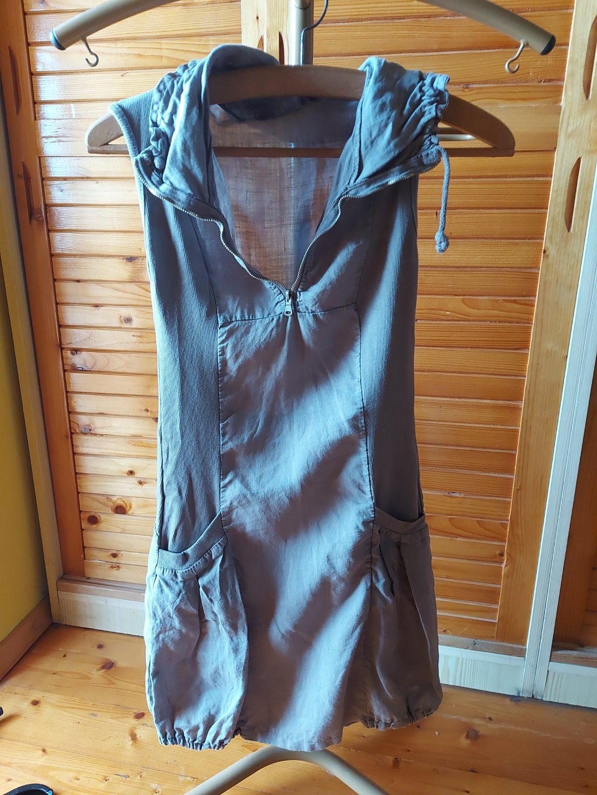 Hnedé letné šaty s kapsami, XS/S, š. pod pazuchami v kľude 35, dĺžka - 80
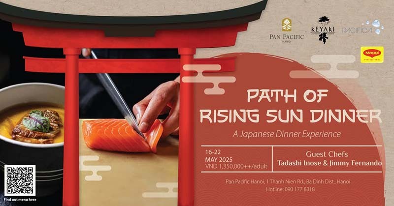 Chu du khắp nước Nhật trong từng món ăn tại Nhà hàng Pacifica; với sự góp mặt của hai đầu bếp khách mời Tadashi Inose và Jimmy Fernando từ nhà hàng Nhật Bản Keyaki của Tập đoàn Khách sạn Pan Pacific. Các nghệ nhân từ xứ sở mặt trời mọc sẽ mang đến cho bạn trải nghiệm ẩm thực Nhật Bản chân thực và tinh tế nhất.
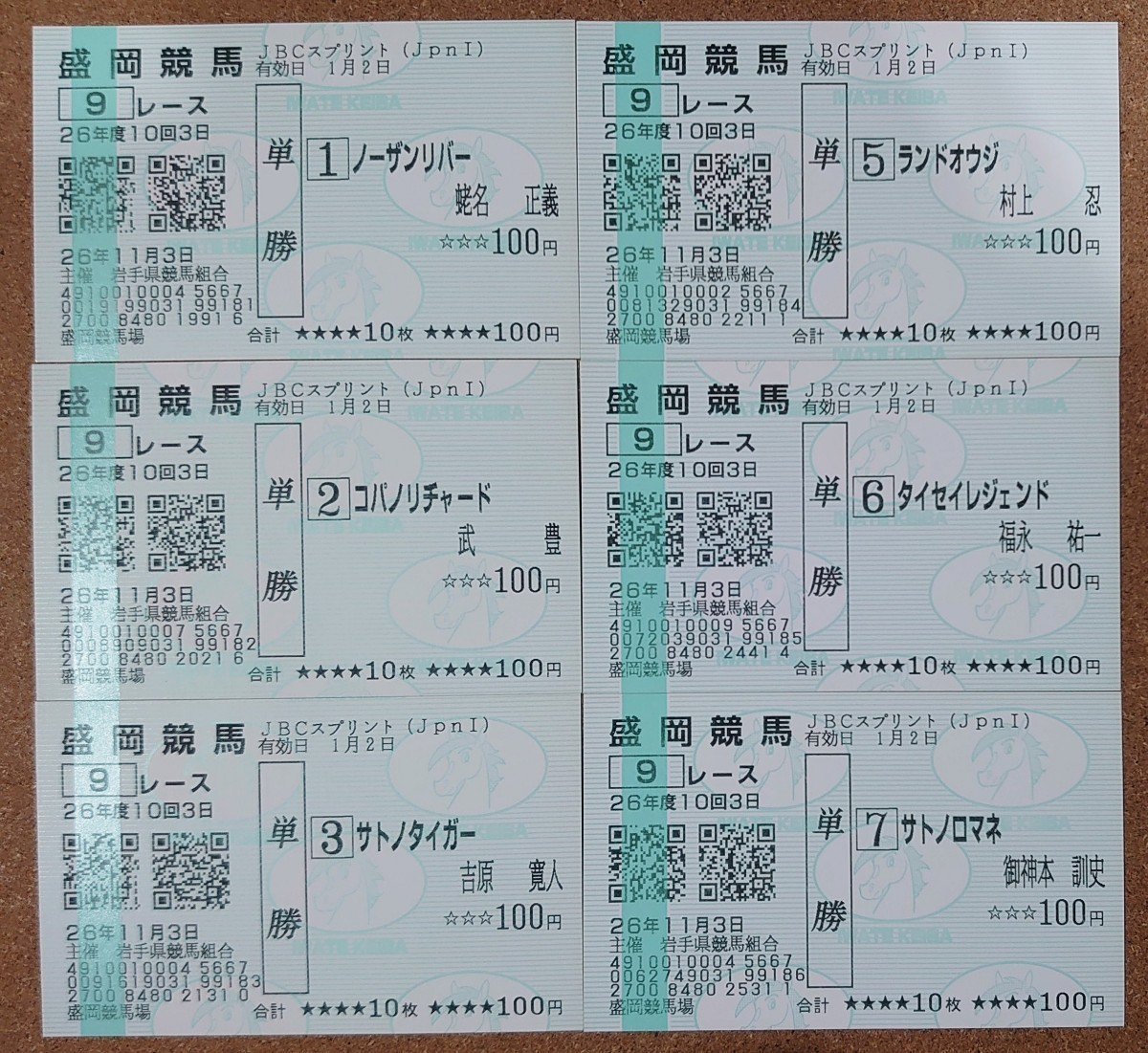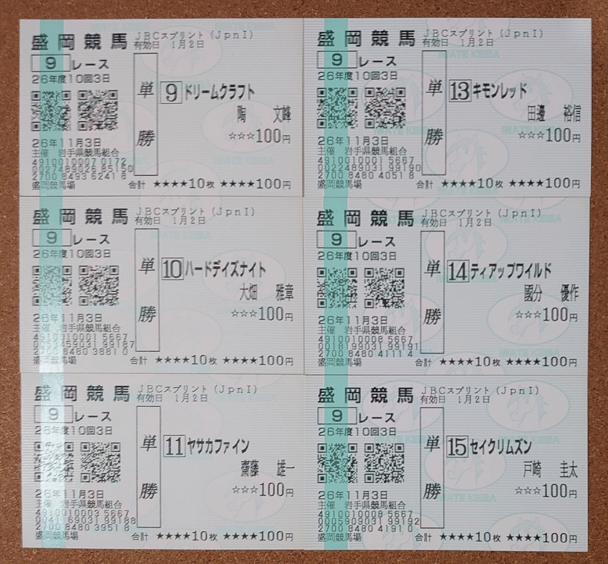 2014JBCスプリント:現地単勝馬券12枚セット
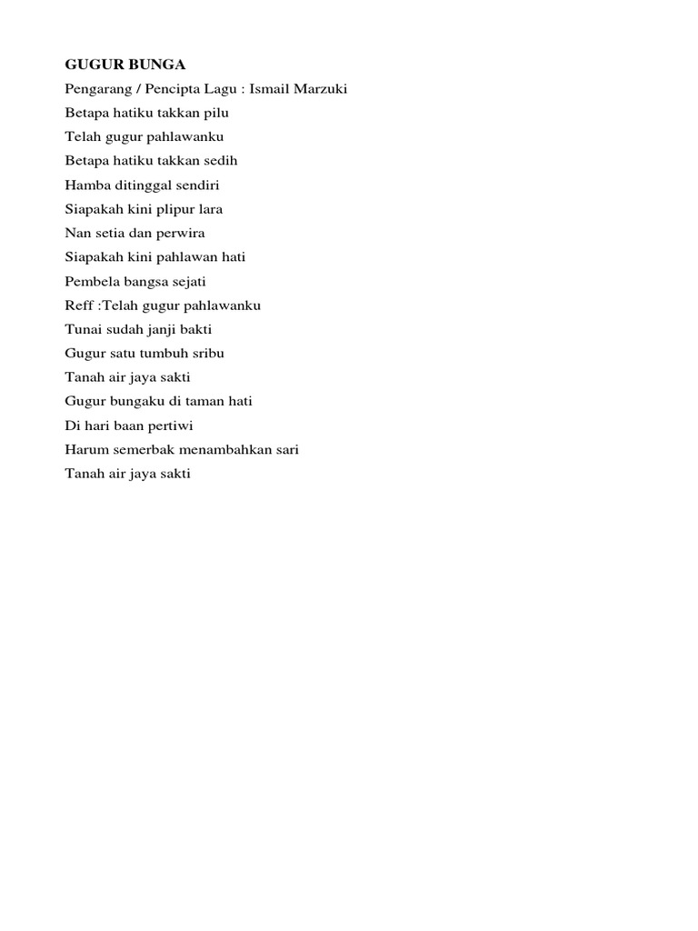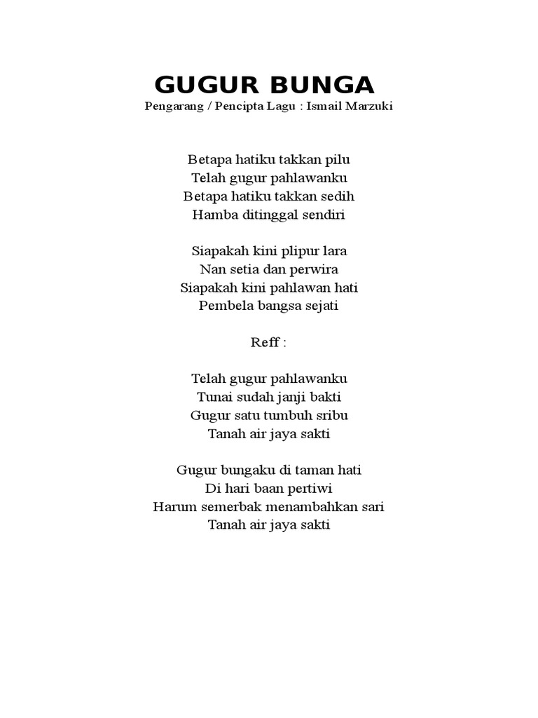 Ismail marzuki betapa hatiku takkan pilu telah gugur pahlawanku betapa hatiku takkan sedih hamba ditinggal sendiri siapakah kini plipur lara nan setia dan perwira siapakah kini pahlawan hati pembela bangsa sejati reff. Pengarang pencipta lagu. Ismail marzuki gugur bunga di taman bakti the fallen flower in the garden of devotion better known as gugur bunga is an indonesian patriotic song written by ismail marzuki in 1945. Telah gugur pahlawanku kunci gitarnya pun sangat mudah untuk dimainkan bagi yang sudah mahir main gitar.

(Directions for this task) Each line from the one with "2014JBCスプリント:現地単勝馬券12枚セット" to the final line of the data above is to be printed exactly; no picture should appear in the copy.

(Answer below)
 2014JBCスプリント:現地単勝馬券12枚セット
 Ismail marzuki betapa hatiku takkan pilu telah gugur pahlawanku betapa hatiku takkan sedih hamba ditinggal sendiri siapakah kini plipur lara nan setia dan perwira siapakah kini pahlawan hati pembela bangsa sejati reff. Pengarang pencipta lagu. Ismail marzuki gugur bunga di taman bakti the fallen flower in the garden of devotion better known as gugur bunga is an indonesian patriotic song written by ismail marzuki in 1945. Telah gugur pahlawanku kunci gitarnya pun sangat mudah untuk dimainkan bagi yang sudah mahir main gitar.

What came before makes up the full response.